The email includes multiple links the customer can click on to learn more about the different Contoso products highlighted in the email.
They're directed to a marketing page related to that product, based on the link they select.
The customer indicates they would like some additional information about the product they selected while they're on the marketing page.
The customer is sent targeted marketing materials, based on the request. A task is assigned to a Contoso Coffee sales associate to follow up with potential customers within a day or two, aiming to convert them into revenue.
Dynamics 365 Customer Insights - Journeys lets you create powerful customer journeys tailored to the products you're marketing and the objectives of your campaign. You can easily visualize and automate the journey customers take while interacting with your sales and marketing processes. From emails and task assignments to business workflows, decision points, and internal action items, journeys can be customized based on customer needs and preferences.
With customer journeys, you can:
Engage customers in real time
- With trigger-based customer journeys using email, text message, or push notification channels, organizations can trigger customer journeys in real time, pick the right channel for each individual, and react to customer-led actions in the moments that matter.

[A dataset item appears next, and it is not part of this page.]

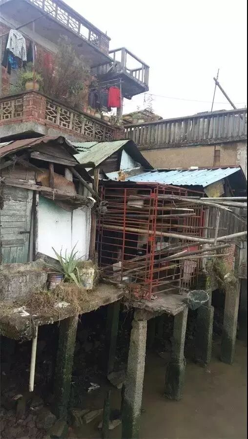 ▲岸边悬浮在半空中的吊脚楼,也是疍民上岸生活的特殊产物,在各个渔民新村里还大量存在丨via网络

Win customers and earn loyalty faster
- Working across all customer touchpoints, real-time customer journeys are truly an end-to-end experience.

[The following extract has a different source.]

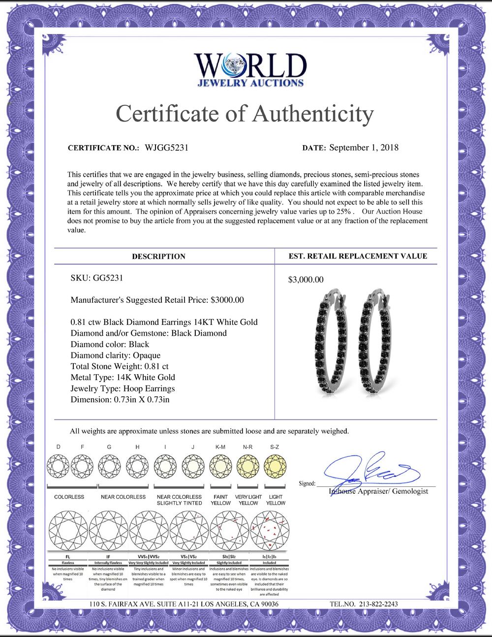 All property is sold “AS IS”, and ALL SALES ARE FINAL. Property is open to thorough public inspection. It is the Bidder’s responsibility to determine condition, age, genuineness, value or any other determinative factor. WJA may attempt to describe the merchandise in advertising and on the Internet but makes no representations. In no event shall WORLD JEWELRY AUCTION be held responsible for having made or implied any warranty of merchantability or fitness for a particular purpose. Bidder shall be the sole judge of value.

Personalize customer experiences with AI
- Turn insights into relevant action with AI-driven recommendations for content, channels, and analytics.
- Customer Insights - Data segment and profile integration allows organizations to seamlessly leverage the deep customer understanding in Customer Insights - Data.
Grow with a unified, adaptable platform
- Easily customize and connect with tools you already use.
- Efficiently manage compliance requirements and accessibility guidelines.
To get started, a basic customer journey needs at least two pieces of information:
Customers to target: You should have a segment containing the contacts to whom you want to send your email.
Marketing activities: You should include a marketing email that is both valid and live.
Depending on your desired complexity and specific goals, a customer journey can include various elements to guide engaged customers. These are represented in the journey’s visual designer as tiles.
Trigger-based journeys
Triggers represent actions taken by a customer such as a whitepaper download, a form submitted, or a Wi-Fi sign-up. They can also represent significant business events, such as a purchase that shipped or completion of an enrollment process. Trigger-based journeys are effective because they represent the ability to perform more targeted marketing based on customer related interactions and events.
Real-time marketing offers three types of triggers in the triggers catalog:
Custom triggers: These are triggers defined by real-time marketing users. They provide a flexible way to capture any customer action or significant business event.
Interaction triggers: These triggers are customer interactions with journey elements such as email, text message, and push channels. They don’t start or stop journeys. They're used within a journey and represent a logical continuation of a preceding step. When a journey sends an email, triggers like Email delivered, Email bounced, or Email opened become available to journey authors, helping them decide the next steps.
Business triggers: These triggers represent changes in Dynamics 365 applications such as Sales or Service. These changes can reflect either the creation of a new record or an update to an existing one. A business trigger occurs when a contact is created or when an email address, phone number, or physical address is updated.